(1) The definitions
in this subsection apply throughout this section unless the
context clearly requires otherwise.
(a) "Lift team" means hospital employees specially trained
to conduct patient lifts, transfers, and repositioning using
lifting equipment when appropriate.
(b) "Safe patient handling" means the use of engineering
controls, lifting and transfer aids, or assistive devices, by
lift teams or other staff, instead of manual lifting to perform
the acts of lifting, transferring, and repositioning health care
patients and residents.
(c) "Musculoskeletal disorders" means conditions that
involve the nerves, tendons, muscles, and supporting structures
of the body.
(2) By February 1, 2007, each hospital must establish a safe
patient handling committee either by creating a new committee or
assigning the functions of a safe patient handling committee to
an existing committee. The purpose of the committee is to design
and recommend the process for implementing a safe patient
handling program. At least half of the members of the safe
patient handling committee shall be frontline nonmanagerial
employees who provide direct care to patients unless doing so
will adversely affect patient care.
(3) By December 1, 2007, each hospital must establish a safe
patient handling program. As part of this program, a hospital
must:
(a) Implement a safe patient handling policy for all shifts
and units of the hospital. Implementation of the safe patient
handling policy may be phased-in with the acquisition of
equipment under subsection (4) of this section;
(b) Conduct a patient handling hazard assessment. This
assessment should consider such variables as patient-handling
tasks, types of nursing units, patient populations, and the
physical environment of patient care areas;
(c) Develop a process to identify the appropriate use of the
safe patient handling policy based on the patient's physical and
medical condition and the availability of lifting equipment or
lift teams;
(d) Conduct an annual performance evaluation of the program
to determine its effectiveness, with the results of the
evaluation reported to the safe patient handling committee. The
evaluation shall determine the extent to which implementation of
the program has resulted in a reduction in musculoskeletal
disorder claims and days of lost work attributable to
musculoskeletal disorder caused by patient handling, and include
recommendations to increase the program's effectiveness; and
(e) When developing architectural plans for constructing or
remodeling a hospital or a unit of a hospital in which patient
handling and movement occurs, consider the feasibility of
incorporating patient handling equipment or the physical space
and construction design needed to incorporate that equipment at a
later date.
(4) By January 30, 2010, hospitals must complete acquisition
of their choice of: (a) One readily available lift per acute
care unit on the same floor, unless the safe patient handling
committee determines a lift is unnecessary in the unit; (b) one
lift for every ten acute care available inpatient beds; or (c)
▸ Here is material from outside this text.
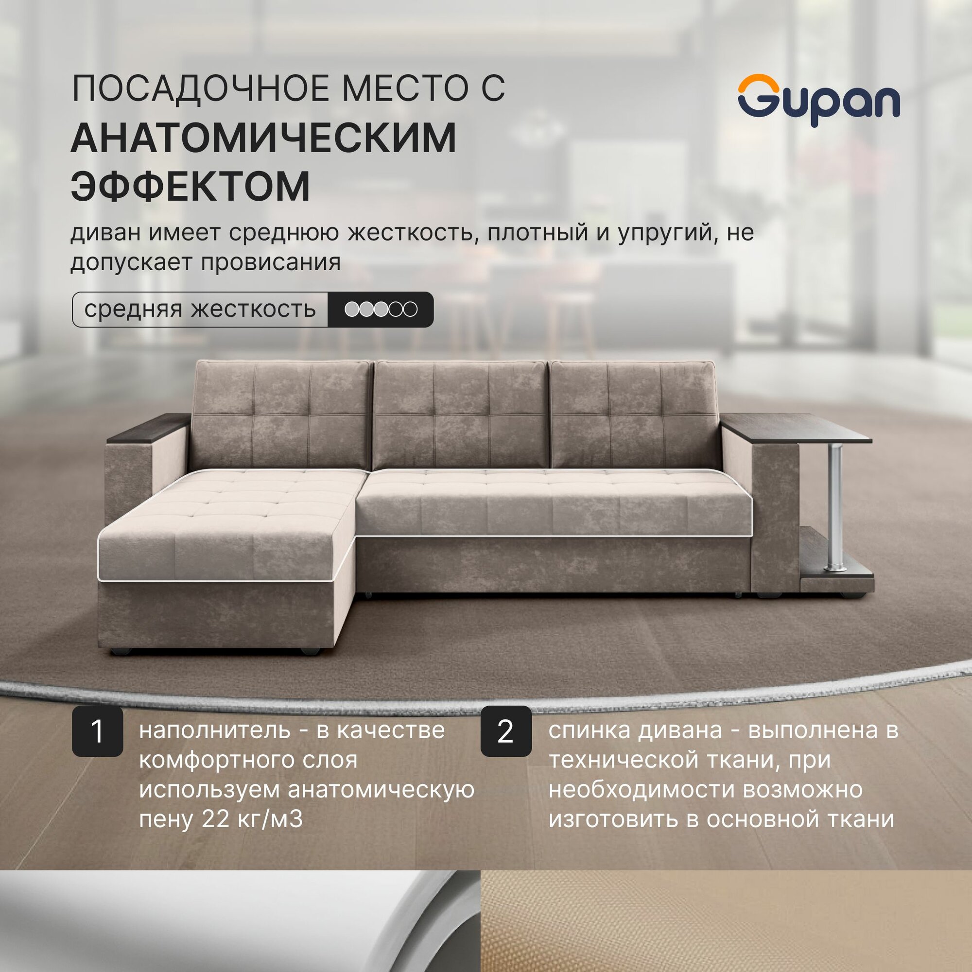 Диван угловой Gupan Атланта Классик Хит / Люкс со столом Рогожка Savana Beige, раскладной, механизм дельфин, беспружинный, с ящиком для белья 40 748 ₽

equipment for use by lift teams. Hospitals must train staff on
policies, equipment, and devices at least annually.
(5) Nothing in this section precludes lift team members from
performing other duties as assigned during their shift.
(6) A hospital shall develop procedures for hospital
employees to refuse to perform or be involved in patient handling
or movement that the hospital employee believes in good faith
will expose a patient or a hospital employee to an unacceptable
risk of injury. A hospital employee who in good faith follows
the procedure developed by the hospital in accordance with this
subsection shall not be the subject of disciplinary action by the
hospital for the refusal to perform or be involved in the patient
handling or movement.
[2006 c 165 § 3.]
NOTES:
Findings -- 2006 c 165: See note following RCW 70.41.390.